Contact the conductor. If really needed some passengers and/or staff can 'detain' a person until needed. The conductor can organize the train to stop at a railroad crossing & be met by local LEOs.

(I didn't read the article) but in extreme situations an airplane can be re-routed to the nearest capable airport and again be met by local LEOs who will remove the disruptive person.

Of course that's all for the extreme cases. Depending on the disruption it might be better for you to move to a different area (car) or politely ask the person to stop.

Essentially it's the same on the plane, but the person who makes the call is the conductor & it's easier to stop and let LEOs deal with it.

peter

Edit: Forgot to mention in _very extreme_ cases there is an emergency brake you can activate in every car. On the Horizons & Amfleets they're located at the ends of the cars, and are a red handle on a chain you pull down. I don't remember where they are on Superliners, Acelas & Cascades; but the Safety Card in your seat-back pocket will tell you. Even metro & commuter trains have these.


----------



## jis (Sep 16, 2015)

Fortunately there are no emergency brakes on planes


----------



## Devil's Advocate (Sep 16, 2015)

jis said:


> Fortunately there are no emergency brakes on planes


I'm tempted to mention a thrust reverser as the aeronautical equivalent, but unless you're on the ground the secondary result of deploying such a device in flight is likely to be a _increase_ in speed. h34r:


----------



## jis (Sep 16, 2015)

Devil's Advocate said:


> jis said:
> 
> 
> > Fortunately there are no emergency brakes on planes
> ...


Indeed! And fortunately on many modern aircraft types they cannot be deployed in flights since they are interlocked with weight sensor in the landing gears. This interlock actually cause one overrun of a runway, when the weight sensor failed on all main gears thus preventing the pilot from deploying the thrust reversers, and there was no way to override the failure. Airbus fixed that problem after that incident.


----------



## FormerOBS (Sep 16, 2015)

I suppose it would be worth mentioning that on a train an emergency brake application is very serious business. It can do serious harm. I understand it is a Federal Offense for an unauthorized person to pull the emergency brake lever. Not being a lawyer, I can't be more specific than that. The conductor will know whether it's appropriate, so let him/her do it.
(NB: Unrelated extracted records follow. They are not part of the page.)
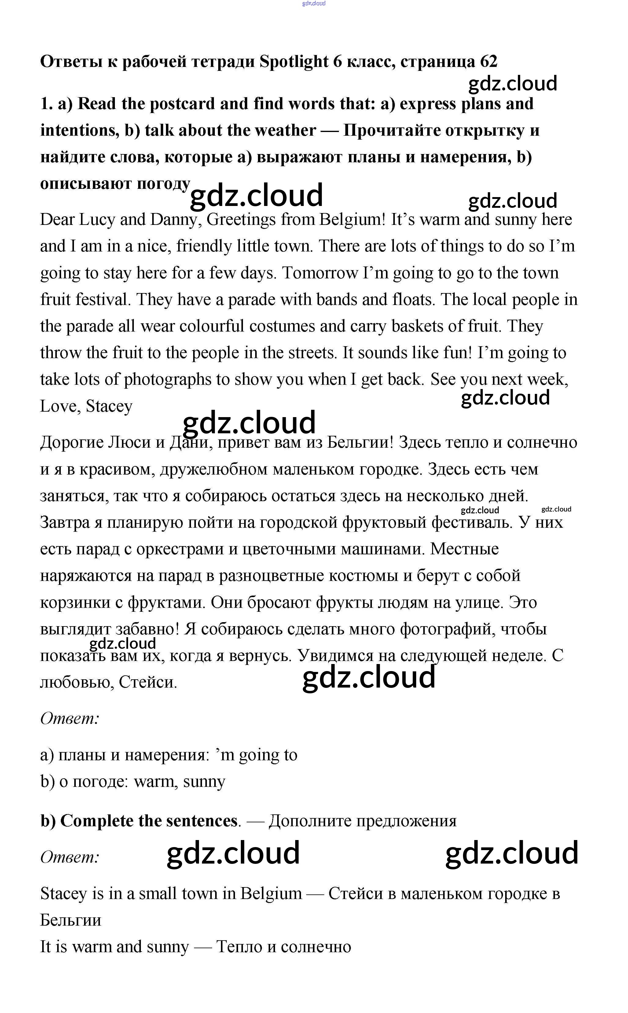 Ответ на задание 62 Рабочая тетрадь Английский язык  за 6 (шестой) класс Эванс, Дули, Подоляко, Ваулина Spotlight  2011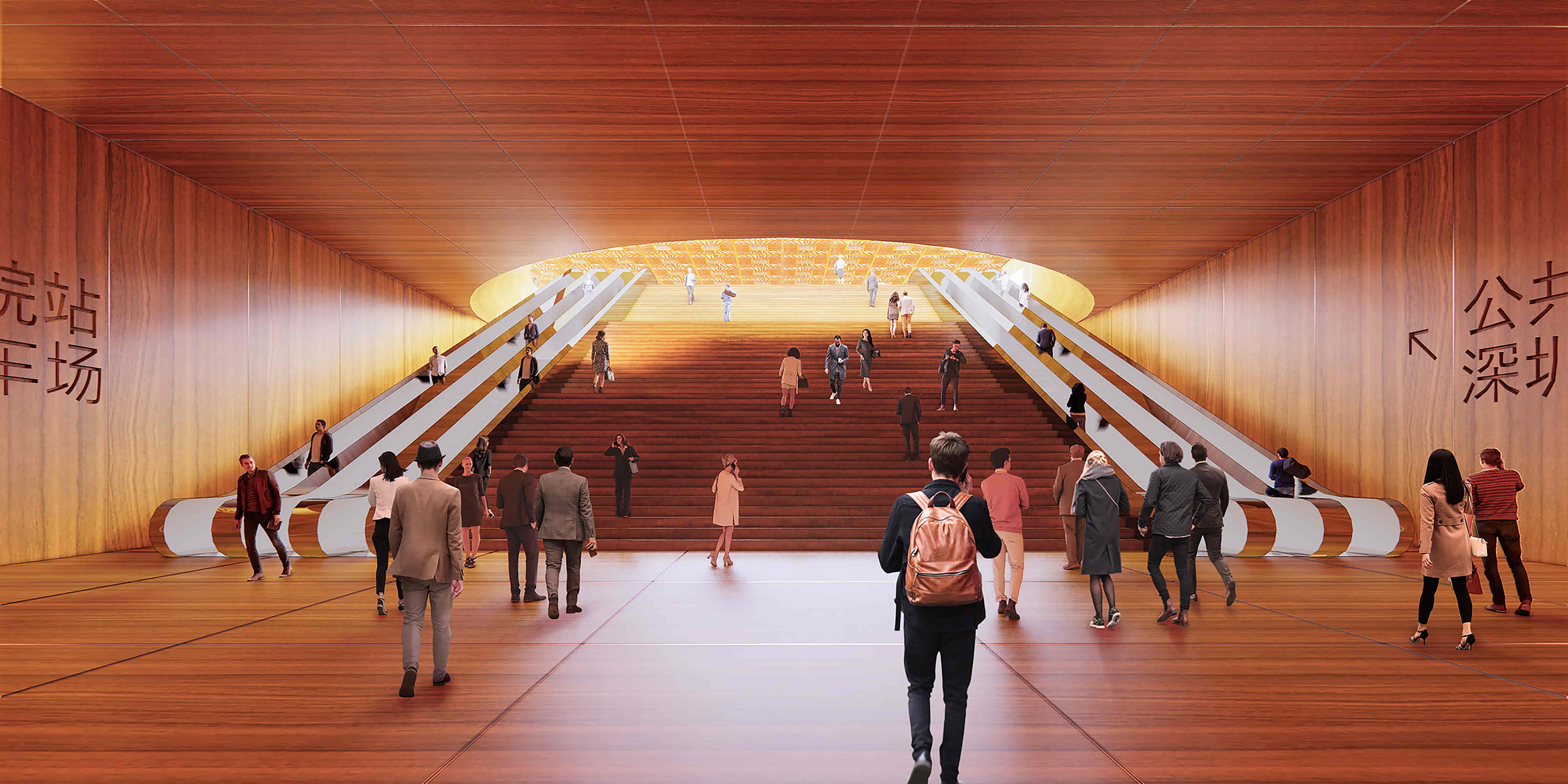 Whether on their way to a performance or a stroll through the park, visitors enter Shenzhen Opera House via a grand set of stairs and escalators that leads them from an underground pedestrian passage up to the luminous Gallery.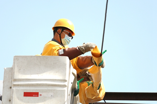 中國電力網(wǎng)訊 5月7日,在濰坊壽光市文正教育學校附近,國網(wǎng)壽光市供電公司帶電作業(yè)人員對10千伏全福元1線東郭支線02號桿,10千伏華府線東七南支線04號桿進行帶電絕緣化改造,進一步提高線路安全運行水平,確保廣大師生能夠用上安全電、放心電。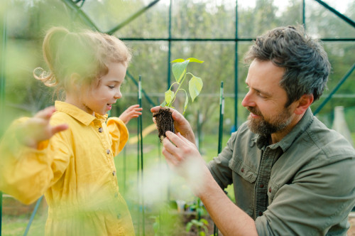 Velg naturlige materialer som harmonerer med hagens uttrykk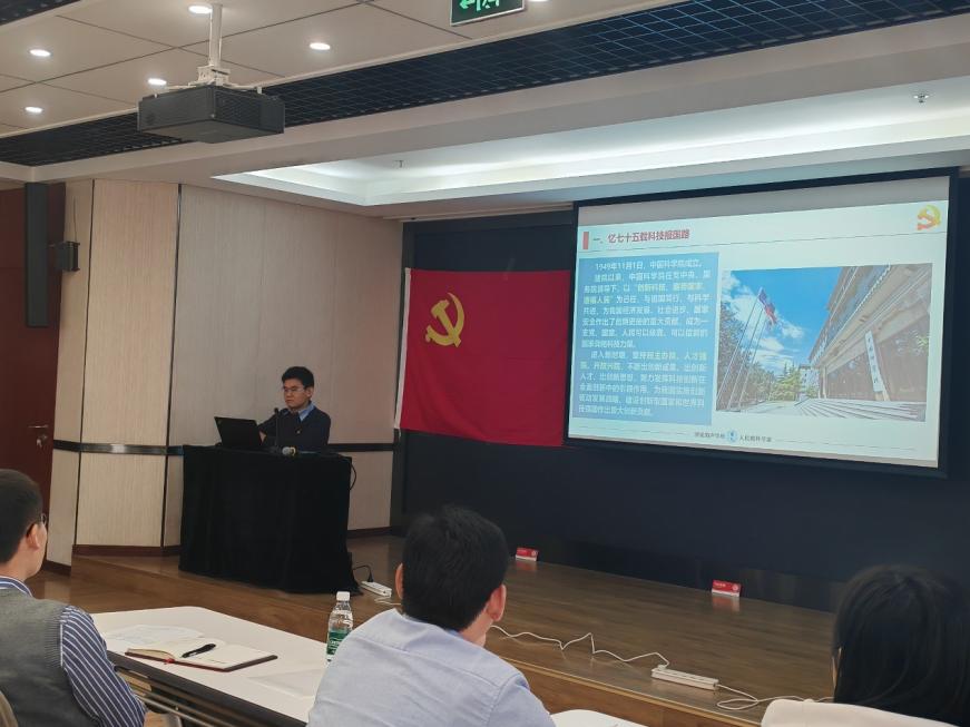朱小勇介绍了参加活动的人员情况及活动主题,第七党支部党员代表任勇毛领学中国科学院党组书记侯建国院长在建院75周年专题学习会上的讲话精神,朱小勇带领与会同志共同学习中国科学院院史,深入回顾“两弹一星”精神的宝贵财富,并作专题报告。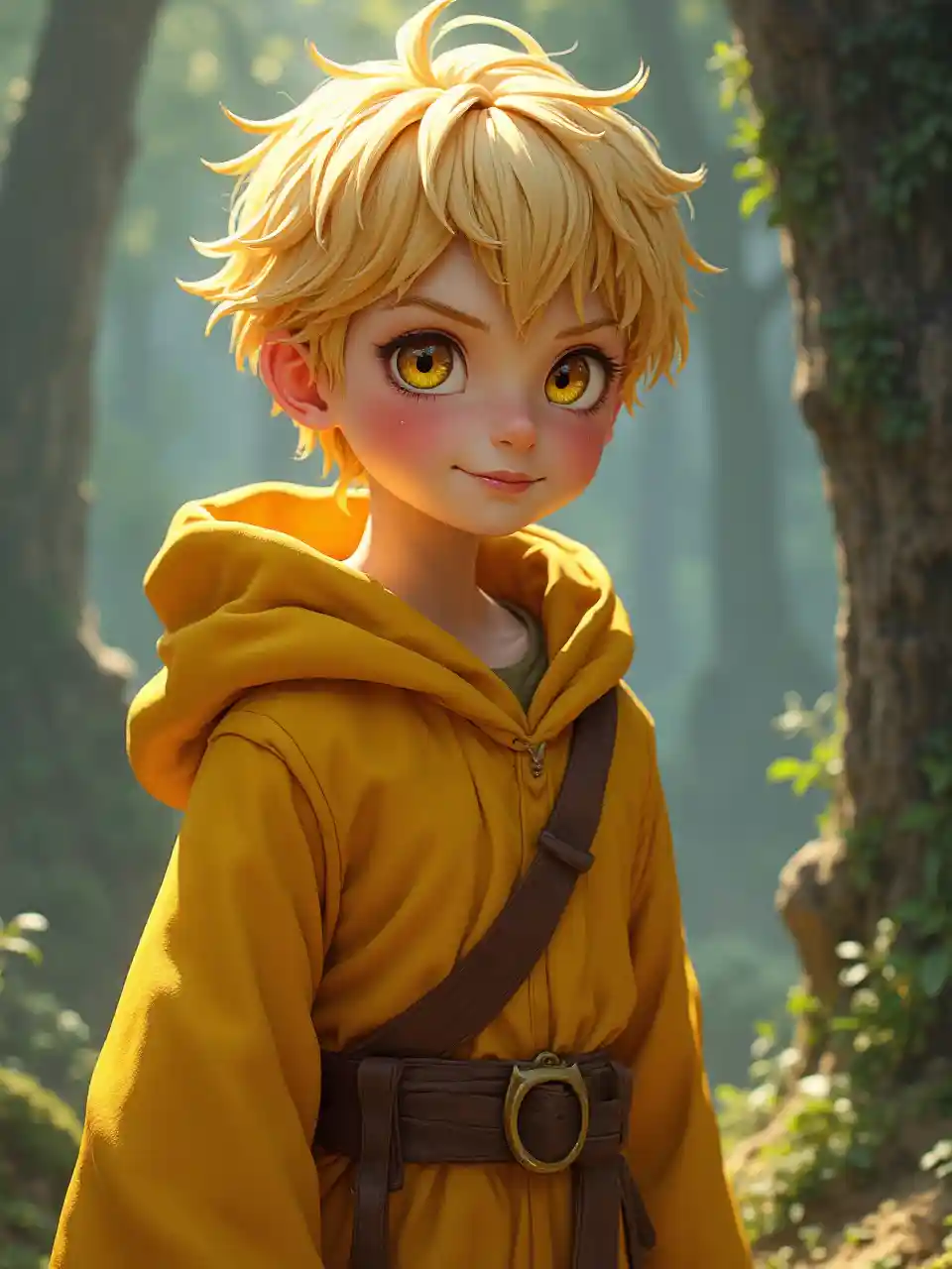 Nghịch ngợm 8 tuổi nam con người phù thủy trong thế giới tưởng tượng, với một mái tóc vàng ngắn màu cát và một đôi mắt vàng mặc áo choàng màu vàng.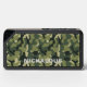One of a kind design features green black and yellow camouflage with your name in white block letters.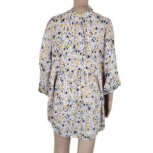 Cynthia Rowley Yellow Blue Floral Peasant Pleated Blouse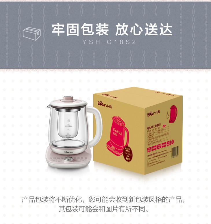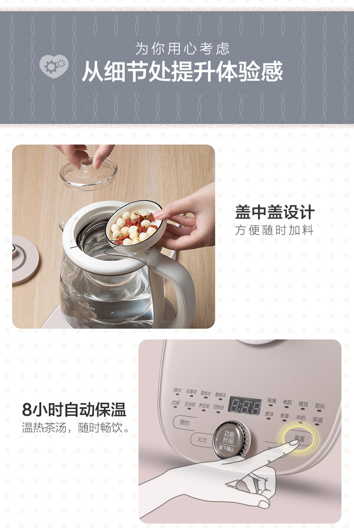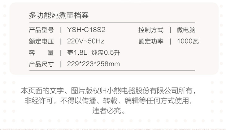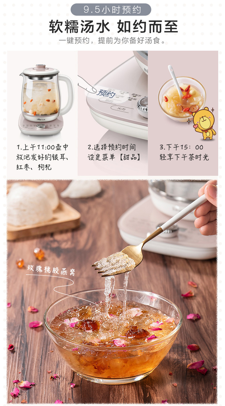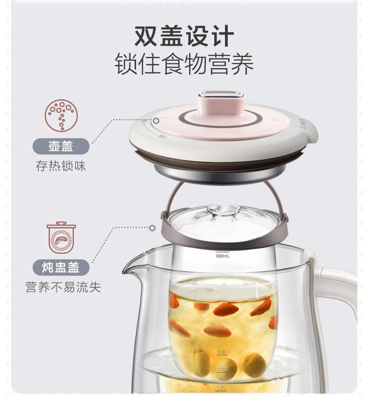 【家用电器】小熊*养生壶 YSH-C18S2煮花茶养身加厚玻璃一体隔水炖燕窝机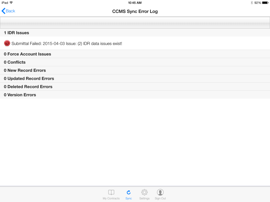 Tap the error record to access Error Details form regarding ‘Sync’ issue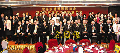 【本報訊】世界廣西同鄉聯誼大會第13屆代表大會,日前在名都酒樓舉行歡迎宴,出席宴會的有來自美國、加拿大、阿根廷、日本、馬來西亞、泰國、台灣、澳門等國家和地區的廣西同鄉社團領袖百多人,場面熱鬧。立法會主席范徐麗泰、中聯辦主任助理王如登、立法會議員譚耀宗、民政事務總署副署長鄒耀南主禮。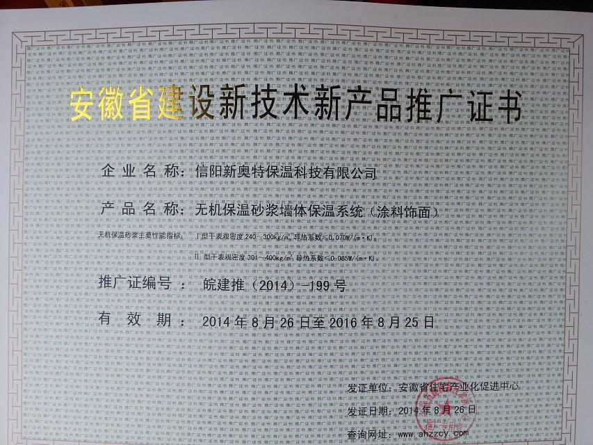 玻化微珠保溫板江蘇省推廣證書!產品質量達到國家先進水平。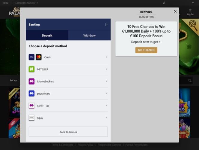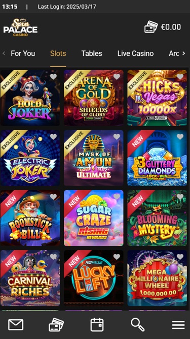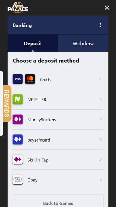 Spin Palace Casino Microgaming, Net Entertainment, Evolution Gaming, Pragmatic Play, Red Tiger Gaming, Triple Edge Studios, Northern Lights Gaming, Stormcraft Studios, Switch Studios, All41 Studios, Gameburger Studios, Pulse 8 Studios, Neon Valley Studios, SpinPlay Games, Real Dealer Studios, GONG Gaming, On Air Entertainment, Buck Stakes Entertainment, Games Global, Old Skool Studios, Foxium, Just For The Win, PearFiction Studios, Wild Streak Gaming, Slingshot Studios, Fortune Factory Studios, Crazy Tooth Studio, Alchemy Gaming, Snowborn Games, Gold Coin Studios, Half Pixel Studios, Aurum Signature Studios, Area Vegas, Wishbone Games, Circular Arrow, HammerTime Games, INO Games, Nailed It! Games, Neko Games, Reel Kingdom and Oros Gaming द्वारा संचालित है, जो खिलाड़ियों को एक डाउनलोड करने योग्य सॉफ़्टवेयर क्लाइंट और एक इंस्टेंट प्ले प्लेटफ़ॉर्म के माध्यम से एक विशाल गेमिंग लाइब्रेरी प्रदान करता है जो आपको अपने वेब ब्राउज़र के माध्यम से गेम खेलने की सुविधा देता है। जो खिलाड़ी अपने स्मार्टफ़ोन या टैबलेट पर खेलना चाहते हैं, उनके लिए एक मोबाइल कैसीनो भी उपलब्ध है।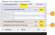 1 | Укажіть кожен елемент. ![]() <Спосіб автентиф. POP>Зазначте способи автентифікації для POP3-сервера. Щоб кодувати пароль під час автентифікації, виберіть <APOP>. Щоб виконувати автентифікацію користувачів під час прийому пошти (POP), виберіть <POP AUTH>. <Автентифікація POP перед надсил.>Щоб виконувати автентифікацію з використанням POP3-сервера, натисніть <Увімк.>. |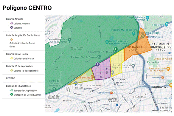 Frente al campus se encuentra la segunda sección del Bosque de Chapultepec uno de los espacios recreativos, culturales e históricos más importantes de la ciudad que incluye al skatepark Constituyentes y que es frecuentado por algunos integrantes de dicha comunidad (véase Figura 2). Si bien el bosque no está incluido en el perímetro mencionado anteriormente, es considerado como un aliado vecinal por la importancia de sus espacios públicos en la comunidad circundante.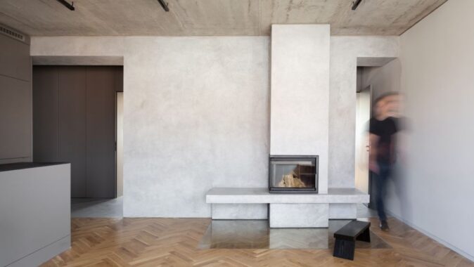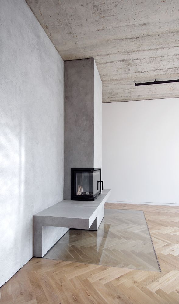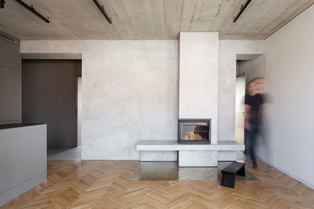 Byt se nachází ve třetím patře domu z padesátých let 20. století. Klienti si přáli vytvořit nadstandartní bydlení s dobrým akustickým komfortem. Vrstvy dodatečných stavebních úprav z minulosti jsme očistili, nekvalitní omítku osekali a vybourali nadbytečné příčky. Při těchto úpravách byl odhalen systém prefabrikovaných betonových panelů stropní konstrukce. Byly vyspraveny, ponechali jsme je jako výrazný estetický prvek.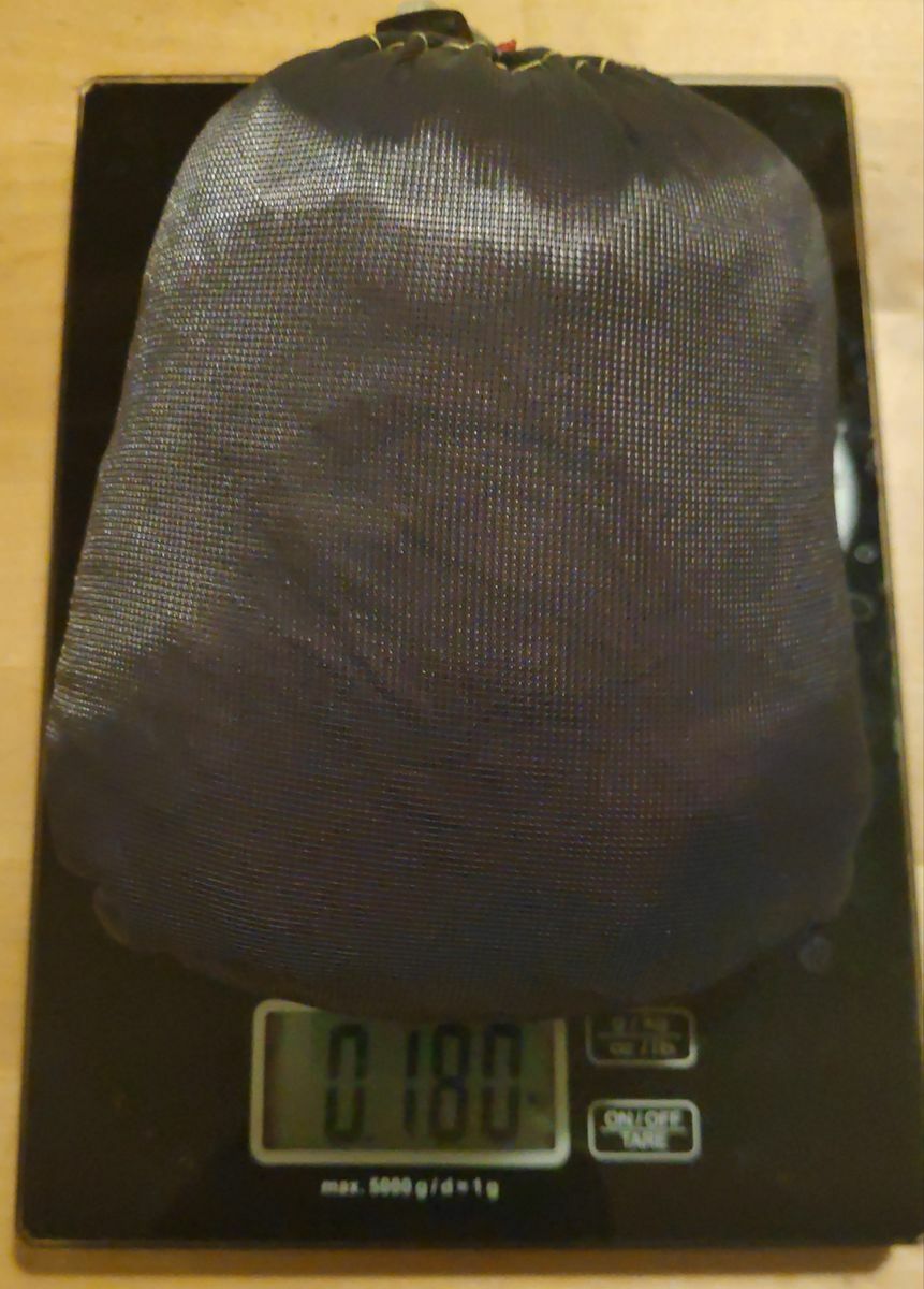 'Maximal Leicht' wäre etwa 60-70g (keine Lust es auszurechnen). Dann ist das Teil aus Cuben Fiber (25g/m^2) und kostet so um die 100 Euros für das Material...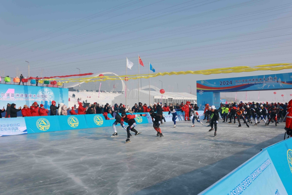 27日,2024年哈爾濱亞洲速度滑冰馬拉松在位于哈爾濱新區(qū)的亞洲最大戶外冰上運動中心隆重舉行。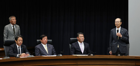野球を通じての地域活性化や健康促進などを目的とした超党派の国会議員による「野球の未来を考える議員連盟」の設立総会が2日、東京都内で行われた。写真は設立総会で発言する王貞治氏(右端)。 【時事通信社】

Railroads routinely eject unruly passengers enroute. Maybe the airlines should consider that option. :giggle:

Tom


----------



## Bob Dylan (Sep 16, 2015)

Yep, just load some parachutes on the plane, and when people act up just push em out!

Will save re-routing the plane for an emergency landing and get everyone to their destinations easier! LOL


----------



## FormerOBS (Sep 16, 2015)

I suggest the parachutes may be an unnecessary expense. Just my humble opinion.

Better yet, make the ejected passenger pay for his 'chute, just like they make you pay for luggage.

Tom


----------



## BCL (Sep 16, 2015)

FormerOBS said:


> I suppose it would be worth mentioning that on a train an emergency brake application is very serious business. It can do serious harm. I understand it is a Federal Offense for an unauthorized person to pull the emergency brake lever. Not being a lawyer, I can't be more specific than that. The conductor will know whether it's appropriate, so let him/her do it.


Exactly - why would anyone want to perform an emergency stop just for an unruly passenger? I would think that in that case the crew would probably want to get to the closest station and then take care of the situation there.


----------



## Devil's Advocate (Sep 16, 2015)

> We asked Gary Leff, co-founder of Milepoint.com, a frequent flier discussion site, to weigh in. The following are edited excerpts from a conversation with Mr. Leff.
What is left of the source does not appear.